F = \sum_{v = 1}^{4} w_{v} \cdot Reshape (y_{v})

(7)

The final extension yields the following complete equation of state for Mamba. In this equation,

{\bar{A_{v}}}^{(k)}, {\bar{B_{v}}}^{(k)}, C_{v}^{(k)}

is generated from input

x_{k, v}

via linear projection to achieve input-dependent global modeling.

\{\begin{matrix} h_{k, v} = {\bar{A}}_{v}^{(k)} h_{k - 1, v} + {\bar{B}}_{v}^{(k)} x_{k, v} \\ y_{k, v} = C_{v}^{(k)} h_{k, v} \\ \bar{x} = \sum_{v = 1}^{4} WeightedSum (y_{1 : L, v}) \end{matrix}

(8)

In accordance with the above state equations, each layer of the VSS module obtains long-range dependencies and is connected to the others through a stem network. This setup efficiently preprocesses and extracts features from remote sensing images through improved convolution, normalization, and activation operations.
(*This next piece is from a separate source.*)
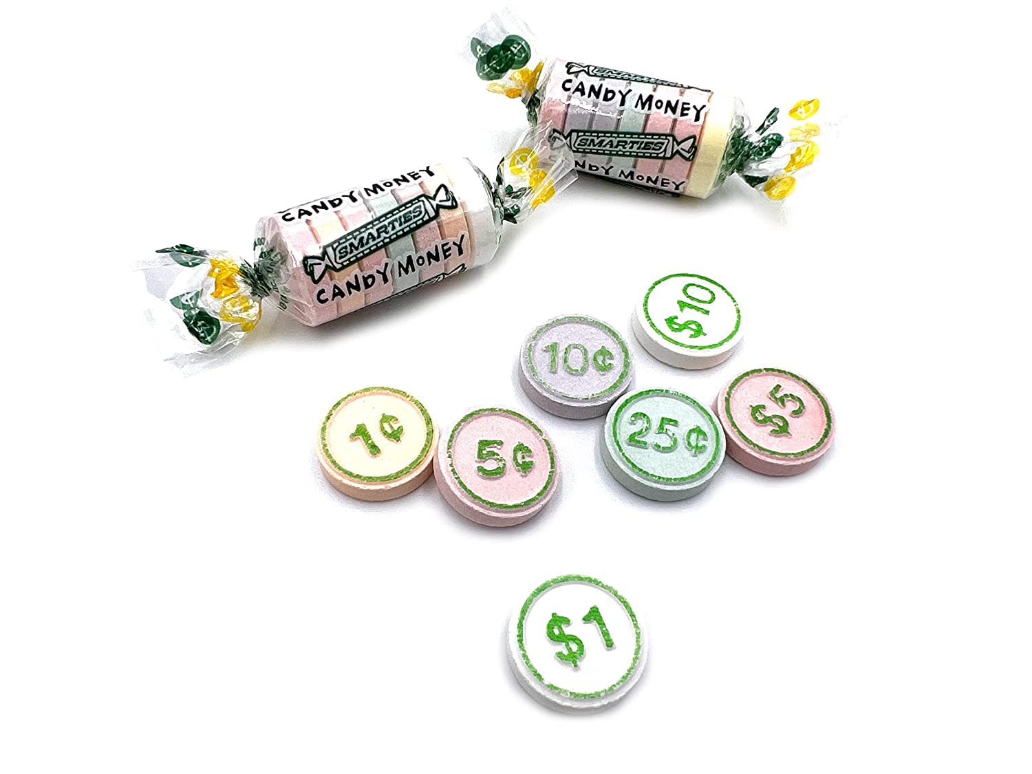 Smarties Candy Money are the same size as the Giant Smarties and feature green embossed ?dollars and cents? on their face. Each candy roll is packed with the original assorted Smarties flavors: Grape, Orange, Fruit Punch, Lemon, Lime, and Pineapple. These large coin shaped Smarties are individually wrapped in a clear Smarties wrapping, with embossed green dollars and cents on each candy. Offer them in a candy buffet, at a birthday party, or keep them for yourself. This candy does not contain gluten or the top common allergens. There are seven smarties per roll. Denominations include 1 cent to $25.00. These pastel colored sweetarts, are the size of a thick penny in individual rolls. These Smarties are packaged in bulk. Approximately 41 rolls per pound.

First, this study transforms a single-layer convolution (7 × 7) into a two-layer convolution structure to capture richer image patterns through progressive feature extraction. The first 3 × 3 convolution layer focuses on extracting base edge and texture features. It increases the number of channels from 3 to 32 and uses the BatchNorm normalization function after the first convolution layer. This accelerates model convergence by exploiting batch statistical information. The second 3 × 3 convolution layer further integrates and refines these features. It increases the number of channels to 48, as shown in Figure 5. This provides better-quality input for subsequent modules and significantly reduces information loss.

In the MLP module [35] with self-attentive output after VSS, standard convolution is decomposed into depth convolution and point-by-point convolution using depth-separable convolution. This drastically reduces the number of parameters to about one-ninth of a standard convolution and captures spatially localized information using a 3 × 3 depth convolution combined with a 1 × 1 point-by-point convolution to achieve inter-channel information fusion.

2.3.2. Multiscale Attention Feature Fusion Module

In RS³Mamba+, the feature fusion between its main (CNN-based) and enhanced (Mamba-based) encoding branches is designed to synergize their strengths. As shown in Figure 6, both branches first go through a 1 × 1 Conv channel projection to unify channels to C_f. Then, each undergoes dual-path channel attention (Avg+Max Pool) to emphasize channel importance, followed by cascade spatial attention (3 × 3 + 7 × 7 Conv) for multi-scale spatial dependency capture.

Upon convergence, an Adaptive Gate Attention Fusion Layer generates a context-aware weight matrix for element-wise fusion, suppressing background noise in house boundaries. Post-fusion, feature enhancement and a residual connection refine the output to

R^{B \times C_{f} \times H \times W}

.

This mechanism integrates CNN’s local feature extraction and Mamba’s long-range dependency modeling via spatial, channel, and gate attention, enabling robust feature integration for remote sensing segmentation.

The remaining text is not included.